• **Recorded data**:
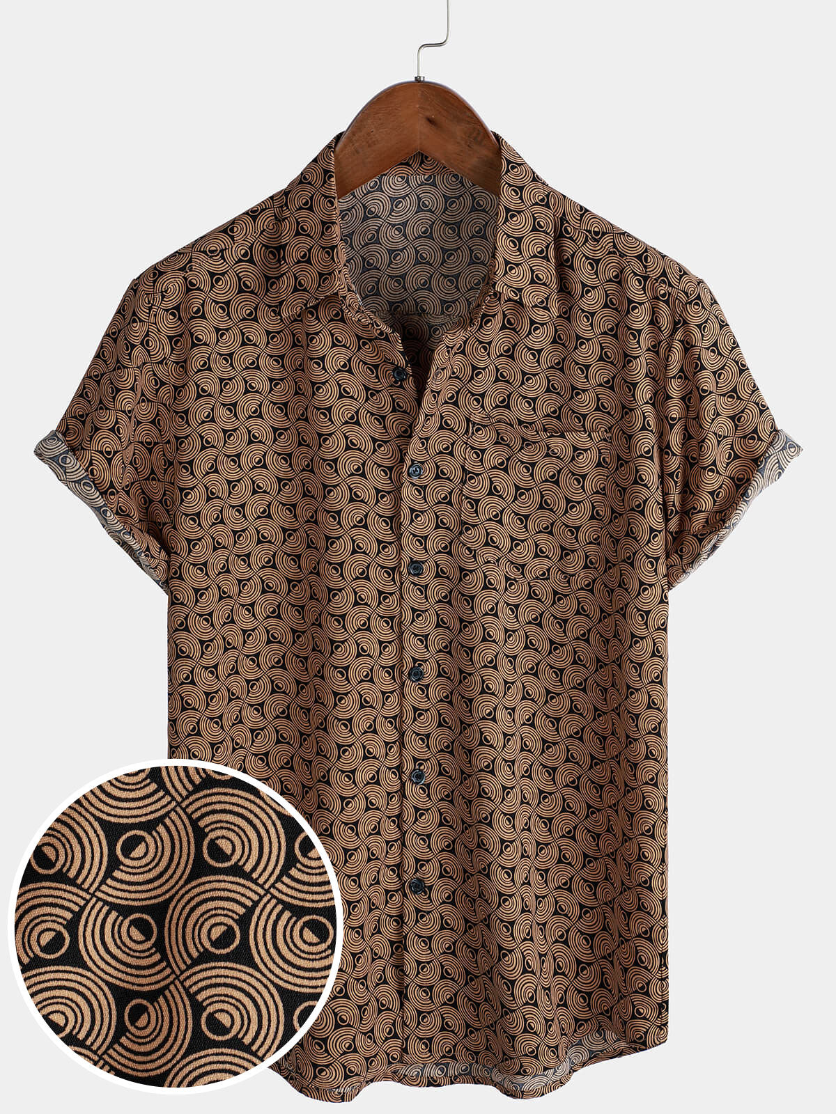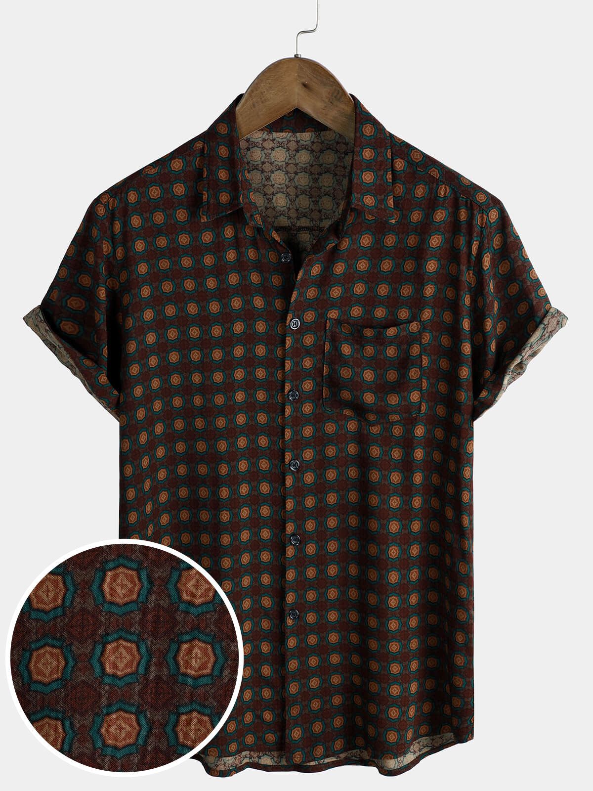 Men's Casual Holiday Short Sleeve Button Up Retro Shirt
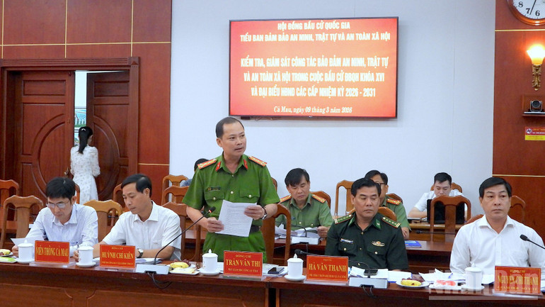 Đại tá Trần Văn Thi, Phó Giám đốc Công an tỉnh Cà Mau báo cáo về công tác phối hợp bảo đảm an ninh trật tự, phòng cháy, chữa cháy chuẩn bị cho bầu cử.
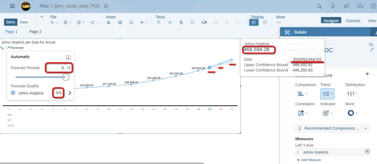 预测完成,SAP Analytics Cloud将这次预测的质量评分为最高分5分,预测出了未来三天即3月19日,3月20日,3月21日的全球确诊人数。
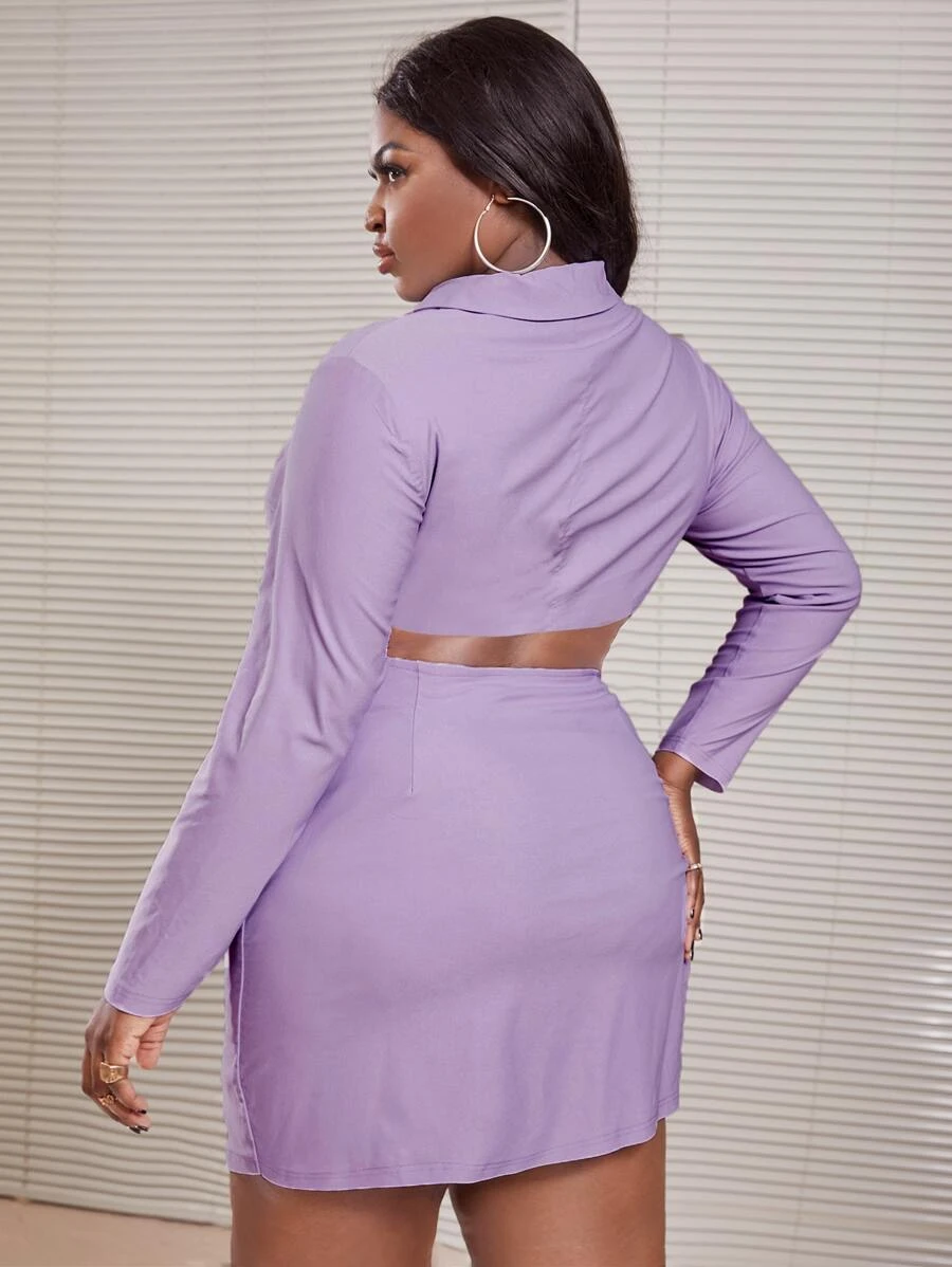 Plus Solid Lapel Collar Blouse & Skirt Set

• **What the task requires**:
All of the material above is to be copied exactly, except for its images.

• **Result of the exercise**:
 Men's Casual Holiday Short Sleeve Button Up Retro Shirt
 Đại tá Trần Văn Thi, Phó Giám đốc Công an tỉnh Cà Mau báo cáo về công tác phối hợp bảo đảm an ninh trật tự, phòng cháy, chữa cháy chuẩn bị cho bầu cử.
 预测完成,SAP Analytics Cloud将这次预测的质量评分为最高分5分,预测出了未来三天即3月19日,3月20日,3月21日的全球确诊人数。
 Plus Solid Lapel Collar Blouse & Skirt Set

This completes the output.